You’ve been on break for barely three minutes, have just fucking finished peeing after holding it during the entirety of the evil Sunday lunch/dinner, dunch, whatever, rush. God forbid you get to read a page or two of your latest fixation- but no.
Sunday’s a cruel mistress.
Nay, Pam’s Diner is the real cruelty with all the last-minute doubles forced on you, but at least it's money.
Your bloated feet quickly remember the pained pressure you’d forgotten in your brief moment of sitting within seconds of standing again. Your usual strong gate is reduced to a warbled rhythm as your feet protest each contact with the tile below.
You sigh again when you see your table, though in relief. Two redheads and a skunk-stripe.
“Hey!”
Your pain is forgotten as you sidle up to where Jay, Roy and Kori are seated in the corner booth in your section.

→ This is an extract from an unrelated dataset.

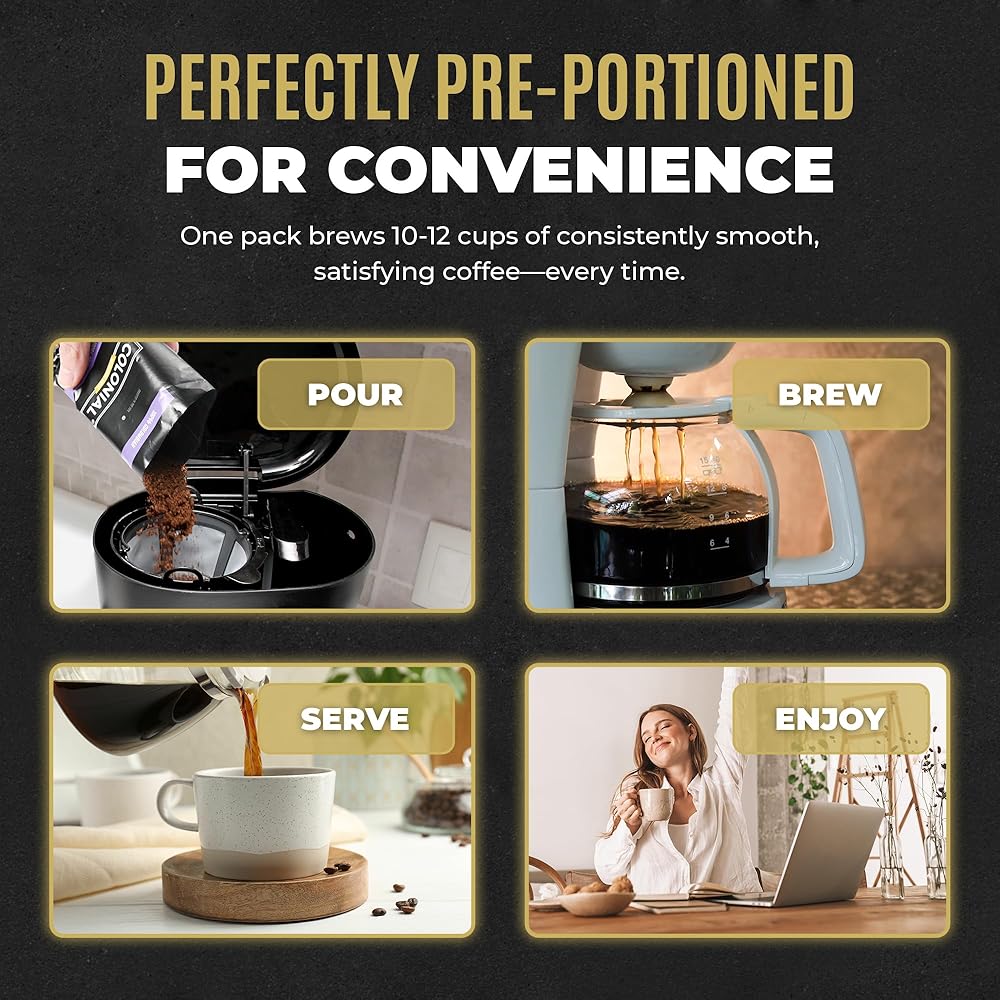 콜로니얼 커피 패킷 프리 그라운드 모듬 커피 팩 미디엄 다크 데카페인 로스트 포함 (2.5온스 봉지 32팩)

“Guess it’s only fair you guys get to come harass me at work now too, huh?” you ask rhetorically.
Roy chuckles, “Oh, yeah. Big time.”
Kori smacks him on the shoulder, not delicately, mind you. “We will be doing nothing of the harassment with our wonderful friend,” she says sternly.
Roy holds his hands up in surrender and offers you a sheepish apology. “She should know by now that I’m just kidding around!” Roy looks to you for silent approval, something you roll your eyes but give, nonetheless. “See! She’s a total babe about it.”
“Total babe.” You roll your eyes again, mocking him. “Kori,” she looks up at you, “you feeling any better?”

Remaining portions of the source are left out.